SPE stands for Sanitas Per Escam, literally Health Through Food in Latin. It’s an apt “promise” for a unique third-party certification and consulting company that is defining a new way to eat. In essence, SPE Certified enhances the nutritional quality of meals without compromising taste, thereby ensuring that every dish is healthy, sustainable and most of all, delicious.

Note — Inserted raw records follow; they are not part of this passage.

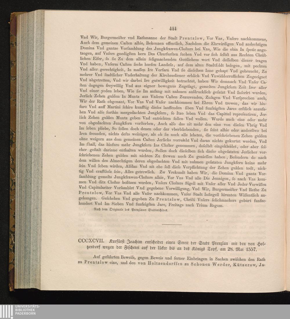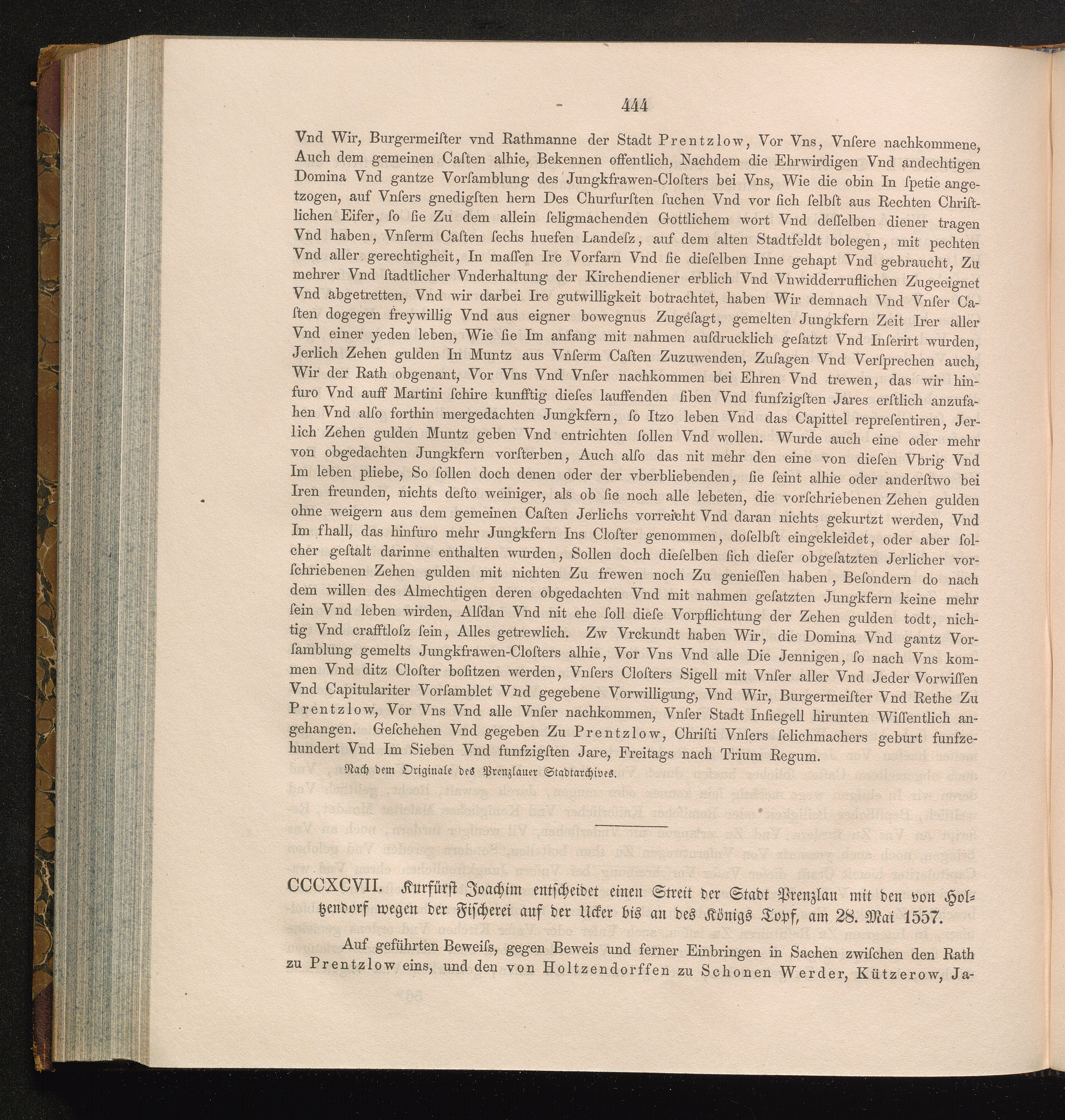 CCCXCVII. Kurfürst Joachim entscheidet einen Streit der Stadt Prenzlau mit den von[...]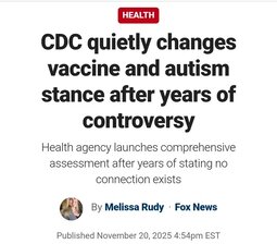 Fox News article from November 20, 2025, which reported that the CDC updated its website about the link between vaccines and autism. The update reportedly occurred after the U.S. Department of Health and Human Services (HHS) began a comprehensive assessment of potential causes of autism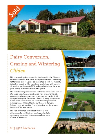 become a top dairy support block with the excellent contour. being free-draining. The farm is an ideal shape with a main

SPE Certified is the first of its kind, a revolutionary new brand providing a universal, trusted standard for food — similar to what LEED® is to buildings and the Good Housekeeping Seal of Approval® is to household products. So when students see the distinctive SPE logo (dubbed a “squiggly, red insignia” by The New York Times), they will know those dishes have been properly sourced, are nutritionally balanced and taste great.

Healthy food need not be boring

SPE was created by Emmanuel Verstraeten, Founder and CEO, to build a bridge between the culinary and scientific worlds and to ensure that for the first time, healthy food did not need to be boring. So in 2001, he brought together a chef and a dietitian (truly an odd couple!) and opened the first SPE restaurant in Brussels named Rouge Tomate, followed in 2008 by Rouge Tomate New York. From the beginning, though, the goal was to expand beyond, with the restaurants serving only as the “incubators”, real-life laboratories for this unique culinary philosophy. So in May 2012, he launched SPE Certified, through which all foodservice establishments — restaurants, cruise lines, school and university cafeterias, airlines, corporate cafeterias, hospitals, etc. – can now access the ultimate in nutritionally balanced, sustainable food.

Within months of launching, blue-chip brands such as Celebrity Cruises, UMass Amherst, Hotel Plaza-Athénée NY and Michelin-starred Danji and Seasonal restaurants jumped on the “health bandwagon” and became SPE-certified. SPE Certified is now proud to partner with UC Davis, the first school to become certified on the West Coast.

Why eat SPE?

The latest health, or rather un-health, numbers are staggering: in 2030, 42% of the US population will be obese, and it is getting worse every year. Increasing numbers of Americans are suffering from diet-related diseases such as diabetes, heart disease and cancer – all contributing to skyrocketing health care costs. Verstraeten created SPE with a real desire not only to affect positive change, but also to reach as many men, women and children as possible. And what better place to showcase this compelling brand, indisputably at the center of the current (white-hot) health and nutrition conversation, than in the cutting-edge, sustainably-focused cafeterias of  UC Davis?